Sie ließ den jungen Mann dabei nicht aus den Augen.
Jonas starrte.
„Weißt du, wen ich total faszinierend finde?“
Ohne Jonas‘ Reaktion abzuwarten, beantwortete sie ihre Frage selbst: „Jeffrey Dahmer. Sagt dir der Name was?“
Jonas schüttelte vage den Kopf.
„Jeffrey Dahmer war einer der großartigsten Serienmörder seiner Zeit. Ich finde es absolut faszinierend, wie jemand 17 Menschen töten kann, ohne gefasst zu werden.“
Sie warf einen Blick in Jonas‘ Richtung.
„Er versuchte in die Schädel seiner Opfer Löcher zu bohren, damit er sie als willenlose Sexsklaven benutzen konnte. Naja, der Schuss ging wohl nach hinten los.“
Die Lady lachte erneut.
„Er bewahrte die Leichenteile im Kühlschrank auf, wo er sich an ihnen verging, wann immer er Lust dazu hatte. Das wäre mir persönlich zu heikel. Ich würde sehen, wie ich sie schnell genug loswerde.“
Die Lady hatte sich mittlerweile zum Kühlschrank gewandt und war nun im Begriff etwas hinauszuholen.
Es war eine Spritze mit einer recht großen Kanüle, dessen Inhalt mit einer blutroten Flüssigkeit gefüllt war. Nun kam die Lady auf Jonas zu, das Messer in der einen, die Spritze in der anderen Hand. Fast unmerklich schüttelte Jonas den Kopf.
Dann setzte die Herrin sich rittlings auf ihren Sklaven.

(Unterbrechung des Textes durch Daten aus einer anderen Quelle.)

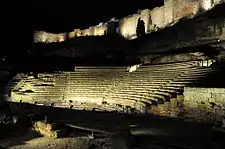 De la Malaca romana se tiene constancia que su extensión fue considerablemente mayor a la de la anterior ciudad fenicia, pues se conoce la existencia de una industria alfarera en el entorno de la colina de El Ejido y calle Ollerías en el siglo I.[4] Los restos más visibles son los del teatro romano, situado junto a la alcazaba, y se tienen evidencias arqueológicas de algunos retazos del sistema viario y de unas grandes termas públicas en el subsuelo de la Plaza de la Aduana en dirección hacia la Calle Císter.[5][6] Fuera de esta zona la estructura y fisonomía de la ciudad romana es muy poco conocida. Se ha constatado la existencia de varios sectores funerarios en el extrarradio de la antigua ciudad, algunos de ellos situados en torno a vías de comunicación, como establecían los parámetros urbanísticos del Imperio que la ciudad adoptó varias generaciones después de la llegada de los latinos.[7]

„Mir sind ein paar Dinge an deinem Verhalten aufgefallen, Jonas. Ein paar Dinge, die ich einfach nicht billigen kann. Zum Beispiel dein aufdringliches Verhalten beim Versenden der Kurznachrichten, die du mir schreibst. Es geziemt sich auch für einen Sklaven nicht, Forderungen und Ansprüche zu stellen. Und vor allem: Du hast mich angelogen im Bezug auf dein Alter. Und wenn ich eines nicht leiden kann, dann sind es Lügner!“
Um die Bedeutung ihrer Worte zu unterstreichen, ließ sie das Filetiermesser seitlich über Jonas nackte Haut gleiten. Der kalte Stahl hinterließ eine Gänsehaut, die sich rasch über den gesamten Körper ausbreitete.
„Ich möchte dich testen, Jonas. Ich möchte sehen, ob du meiner würdig bist. Du wirst den Inhalt dieser Spritze hier trinken, hörst du? Alles auf einmal und ich dulde keinen Widerspruch. Es ist ja nicht so, als hättest du die Wahl.“
Die Lady stand auf und füllte den Inhalt der Spritze in das vor Jonas stehende Glas.
„Ich werde nun die Fesseln von deinen Händen lösen. Ich möchte, dass du dein Glas nimmst und alles runter schluckst, in einem Zug.“
Mit einem schnellen Schnitt zerteilte die Lady die Fesseln mit dem Messer.
Jonas wirkte blass und unsicher. Betrachtete abwechselnd die Herrin und das Glas.
„Dahmer hat im Übrigen seine Opfer mit Schlafmitteln außer Gefecht gesetzt. Nur so als kleine Info.“
Die Lady lächelte.
Jonas wankte. Doch war ihm die Ausweglosigkeit seiner Situation bewusst. Er konnte nicht fliehen, er war ihr Gefangener. Sie würde ihn nicht gehen lassen, wenn sie es nicht wollte. Und so ergab er sich seinem Schicksal und fügte sich der Lady.
Entschlossen nahm er das Glas, schluckte den Inhalt in einem Zug hinunter. Verzog dann den Mund.
„Was war das?“
„Bloody Mary“ antwortete die Lady mit einem süffisanten Grinsen. Schnell befreite sie Jonas von den Fußfesseln und gab ihm einen Kuss auf die Stirn.